We will first need to create a semantic catalog in a database. This semantic catalog will house all the semantic descriptions of your database model. You can put the semantic catalog in the same database you are describing, or in a separate database. If you are just trying things out, or if you do not have privileges to make changes to the database you are describing, use a separate database for the semantic catalog.

After creating the semantic catalog, we need to populate it with descriptions of your database. We will use an LLM to bootstrap these descriptions, but you can edit them as you please. This content is loaded into the semantic catalog and embedded, making it ready for use.

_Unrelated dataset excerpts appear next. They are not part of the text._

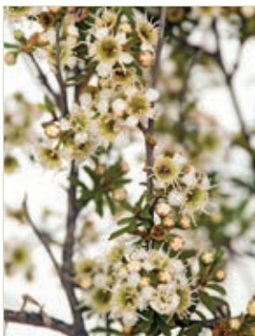
Kunzea tenuicaulis .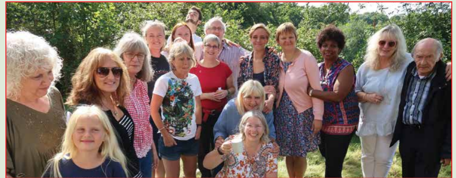
Pestalozzi staff on the last day at the Village

preparations and washing up, Housekeeping for keeping things fresh in spite of the occasional room that looked like chaos, and last but not least the Grounds staff who dealt with everything from a temperamental tractor to drains, boilers to water leaks. THANK YOU! You are the unsung heroes, with whom Village life would not have been the same.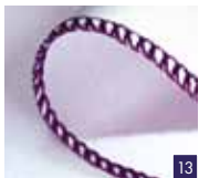
3-thread rolled edge Give a professional finish to silky scarves, pillow ruffles and napkins.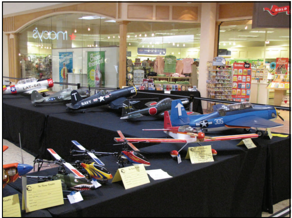
Display table at Mall

The mall show provides our club with a means to interact with the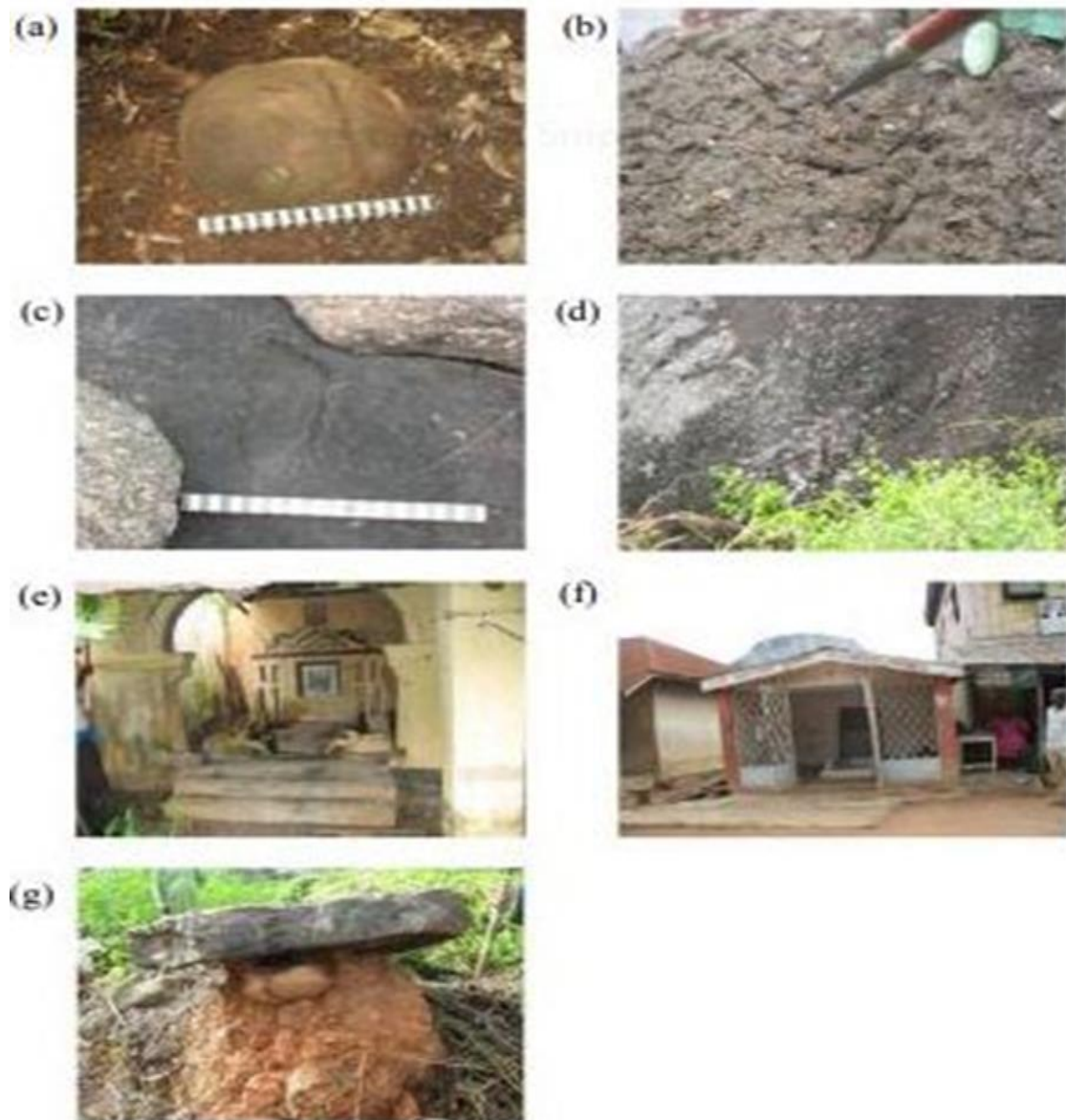
Figure 2. Pictures showing some artifacts in Idanre hills.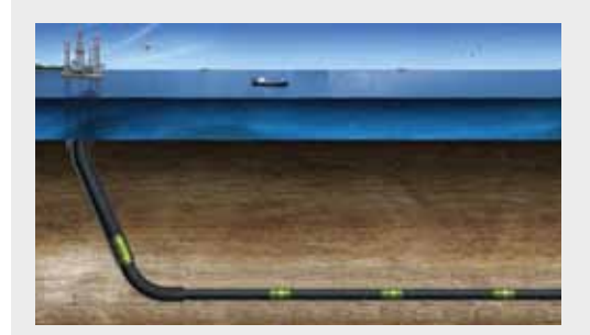
Location Abu Dhabi (UAE) Offshore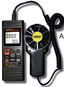
Infrared thermographic camera Anemometer m/s (avg/max/actual)+Temp

At this point, you can use pgai both as a CLI tool and as a Python library to generate SQL queries from natural language.

  • Python 3
  • An OpenAI key
  • A PostgreSQL connection string to the database you want to have an LLM build queries for
  • (Optionally) a PostgreSQL connection string to a second database to house the semantic catalog
  1. Install pgai

    Terminal window
    pip install "pgai[semantic-catalog]"
    pgai --version
  2. Create a .env file

    In the current working directory, create a .env file define the following variables. The TARGET_DB is the database for which you want an LLM to generate queries. The CATALOG_DB is the database in which you will create a new semantic catalog. If you want to use one database for both purposes, only specify the TARGET_DB.

    OPENAI_API_KEY="your-OpenAPI-key-goes-here"
    TARGET_DB="postgres://user:password@host:port/database"
    CATALOG_DB="postgres://user:password@host:port/database"
  3. Create a semantic catalog

    First, you need a place to house our semantic descriptions of your database. We create a semantic catalog for this.

    You can house multiple semantic catalogs in a single database if you wish. Each semantic catalog may have one or more embedding configurations. For now, we only need one semantic catalog with a single embedding configuration.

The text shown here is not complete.